At the time in the US, there were still no effective psychoactive drugs available and psychiatric disease posed a particularly significant public health problem. In the late 1930s and early 1940s, there were 477 American psychiatric institutions housing over 400,000 patients and treatment of psychiatric illness was costing $1.5 billion annually [16, 17]. It had been argued that more widespread use of prefrontal leukotomies would save American taxpayer $1 million per day, by relieving the heavy costs of funding the asylums [18]. Within this context of the great burden posed to society by mental illness, Freeman further evolved the procedure and fervently promoted it in a mass-market fashion.

By 1948, Freeman began promoting his own modified surgical technique using a transorbital approach [19]. Before this modification, the prefrontal leukotomies had to be carried out by experienced neurosurgeons under operating room conditions to gain appropriate intracranial access; these were conditions not widely available in the psychiatric institutions. Freeman intended his transorbital leukotomy to be simple and quick enough so that the procedure could be performed in the office-setting by non-surgeons. The modified procedure involved using an icepick-like instrument, known as an orbitoclast, inserted underneath the upper eye-lid but over the eye globe and then driven by a mallet through the orbital roof to a desired distance of 7 cm into the frontal lobe white matter. At that point, the orbitoclast would be swept side to side with a deft wrist movement to complete the lesion before being removed. The need for an anesthetist was also eliminated, as the procedure was performed on the patient in the immediate post-ictal phase after an electroconvulsive treatment [8, 10, 13, 19]. Freeman fervently popularized this procedure, opening up an infamous chapter in the history of psychosurgery in which his technique was so enthusiastically received that psychosurgery was at times abused and indiscriminately applied. Complications arose related to its practice by unqualified practitioners in unsterile conditions using crude instruments with poor anesthesia care and perioperative monitoring. Furthermore, the morbidity and neurologic sequelae from the procedure became more evident over time, patient selection criteria were questioned, and the procedure’s actual efficacy was questioned more criticially.
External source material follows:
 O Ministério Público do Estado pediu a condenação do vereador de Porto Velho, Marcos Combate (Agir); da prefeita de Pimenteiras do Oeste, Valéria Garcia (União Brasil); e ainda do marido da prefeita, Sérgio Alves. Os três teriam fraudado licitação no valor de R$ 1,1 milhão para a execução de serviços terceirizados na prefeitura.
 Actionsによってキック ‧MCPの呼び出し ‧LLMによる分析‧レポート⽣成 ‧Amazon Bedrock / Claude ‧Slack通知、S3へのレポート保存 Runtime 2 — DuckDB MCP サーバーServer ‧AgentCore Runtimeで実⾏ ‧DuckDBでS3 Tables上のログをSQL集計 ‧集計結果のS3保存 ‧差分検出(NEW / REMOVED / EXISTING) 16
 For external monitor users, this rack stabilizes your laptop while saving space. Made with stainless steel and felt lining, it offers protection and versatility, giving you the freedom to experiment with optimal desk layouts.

Freeman’s procedure (which also came to be known as “the icepick lobotomy” [20]) quickly fell out of favor with the neurosurgical establishment, including with Watts, leading the two former collaborators to part ways soon thereafter [13]. Nevertheless, given the public health crisis regarding the mass management of psychiatric illness in the population before the introduction of effective psychotropic medications with chlorpromazine in 1954, the Freeman lobotomy continued to be widely performed, with an estimated 60,000 procedures performed between 1936 and 1956 [15]. However, with the rejection of Freeman’s procedure by neurosurgeons, and the continuing social recognition of its excessively exuberant application, along with the availability of effective neuroleptic drugs, the notorious era of the Freeman frontal lobotomy mostly came to an end in the late 1950s [1, 8, 13, 21].
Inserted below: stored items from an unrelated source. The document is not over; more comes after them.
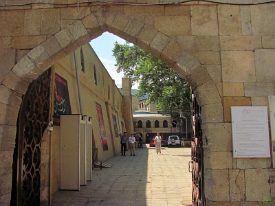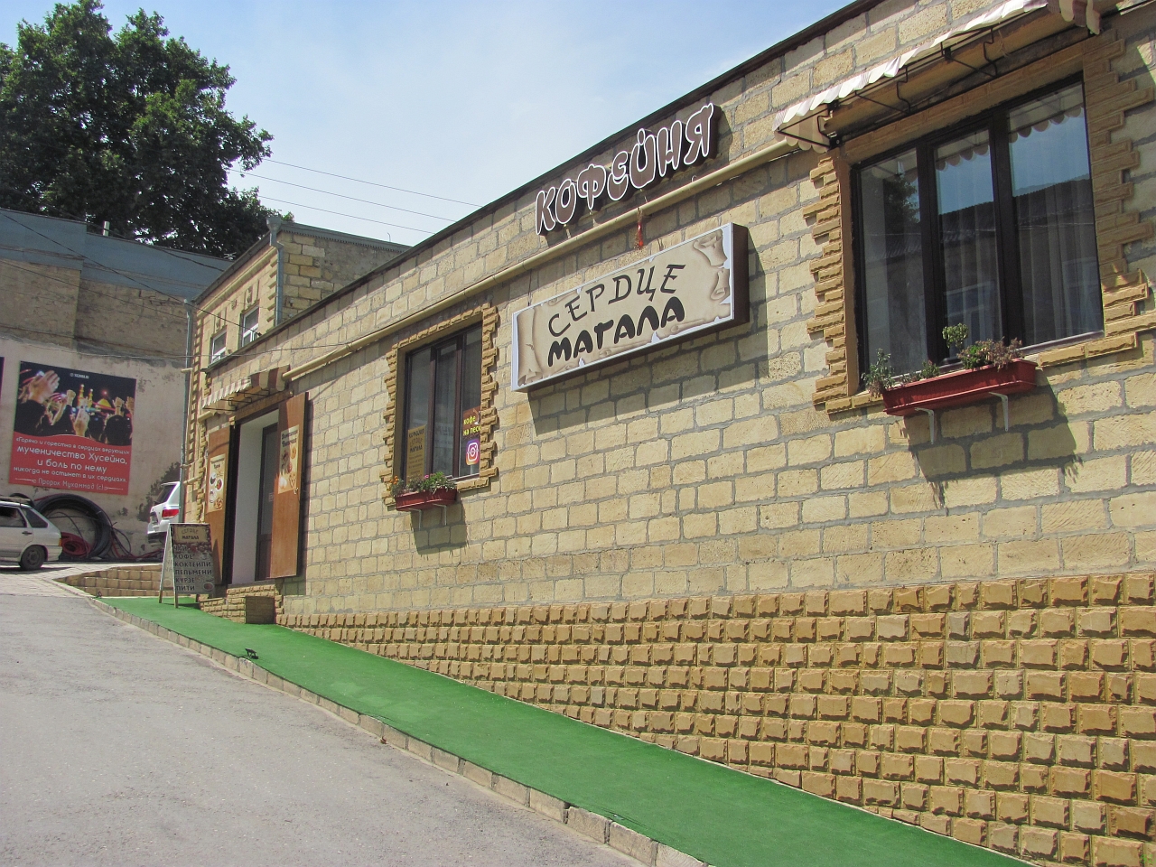 Недалеко от мечети кофейня "Сердце Магала", и нам захотелось выпить кофе. Зашли, взяли кофе, Марина ещё какой-то сладкий национальный пирожок, кофе оказался так себе. Зато там было прохладно, и хозяин нам на телевизоре включил фильм про скорое местное событие. Здесь готовились отметить день Ашура. В этот день в 680-м году в сражении около Кербелы погиб имам Хусейн, внук пророка Мухаммеда. Это траурный день, отмечается шиитами 10 числа месяца Мухаррам, в этом году это 19 августа. |
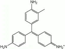 Sinteza sa este aproape identică cu cea a parafucsinei cu deosebirea ca are loc condensarea a 2 molecule de toluidină cu o moleculă de anilină. Fucsina este un colorant roșu solubil în apă, fiind constituentul principal al reactivului Schiff. Este folosită drept colorant în bacteriologie, fiind de asemenea un bun colorant pentru mătase și lână, dar și pentru bumbac după mordansare cu tanin.
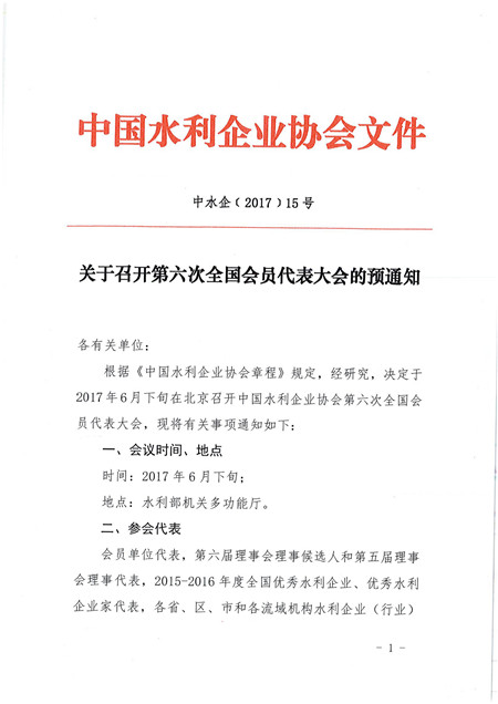 关于召开第六次全国会员代表大会的预通知
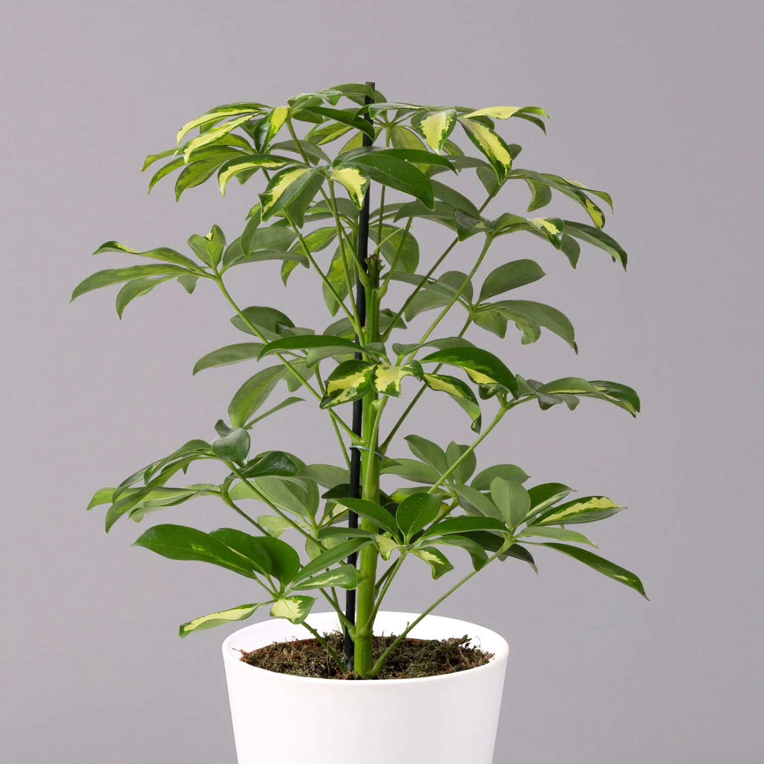Die Strahlenaralie (Schefflera arboricola) zählt zu den beliebtesten Büropflanzen, da sie sehr robust und besonders schnellwüchsig ist. Die ursprünglich aus Taiwan stammende Tropenpflanze besticht mit den typisch strahlenförmig angeordneten Blättern, die kräftig grün und glänzend sind. Die Pflanze wächst schlank aufrecht und kann bis zu 2 Meter hoch werden. Ab einer gewissen Höhe bietet sich ein Moosstab als zusätzliche Fixierung an, welcher der Pflanze als Stütze dient.

At the same time that Freeman was overzealously promoting his transorbital leukotomy, more responsible practitioners of the day were employing a safer and more restricted approach to psychosurgery [13]. William Beecher Scoville, a neurosurgical contemporary of Freeman, was the first to introduce the concept of minimalism in psychosurgery, which very much diverged from Freeman’s industrial scale concept. The idea was to maximize therapeutic efficacy, while minimizing unnecessary morbidity and undesirable sequelae to the patient. In the late 1940s, Scoville developed the technique of orbital undercutting to selectively ablate orbitofrontal cortex in a more anatomically localized manner through bifrontal trephinations [13, 22, 23]. Other more precise open surgical procedures were also described during this time period and included bilateral inferior leucotomy, bimedial frontal leucotomy and anterior cingulectomies, all guided by the most current understanding at that time, of the neuroanatomic pathways underlying psychiatric illness.

The goal of making small, accurate and effective lesions in psychiatric patients without serious mortality and morbidity was the major impetus for the development of stereotactic neurosurgery [10, 13, 20]. All intracranial psychosurgery today stems from the stereotactic school, including both contemporary ablative techniques and deep brain stimulation techniques [20].
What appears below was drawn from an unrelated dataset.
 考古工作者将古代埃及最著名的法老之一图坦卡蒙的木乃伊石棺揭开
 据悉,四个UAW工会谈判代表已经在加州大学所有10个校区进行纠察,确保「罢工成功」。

In stereotactic neurosurgery, the brain is referenced against a fixed frame of reference, assigning a specific coordinate system to define any point in the brain in Cartesian three dimensional space [24]. Stereotactically guided neurosurgical procedures were first devised for use in humans in 1947 by Ernst Spiegel and Henry Wycis, who designed a stereotactic system referenced by X-ray ventriculography to perform dorsomedial thalamotomy , representing the first attempt at a minimally invasive subcortical ablative procedure [13, 24]. Various other stereotactic systems were developed for clinical use and lesioning of deep brain structures for treatment of psychiatric disease began. Jean Talairach first described ablation in the anterior internal capsule to treat psychiatric disease in 1949 [25, 26], and Leksell began using his stereotactic system to further study and develop methods to perform minimally invasive anterior capsulotomy to treat a variety of psychiatric disorders .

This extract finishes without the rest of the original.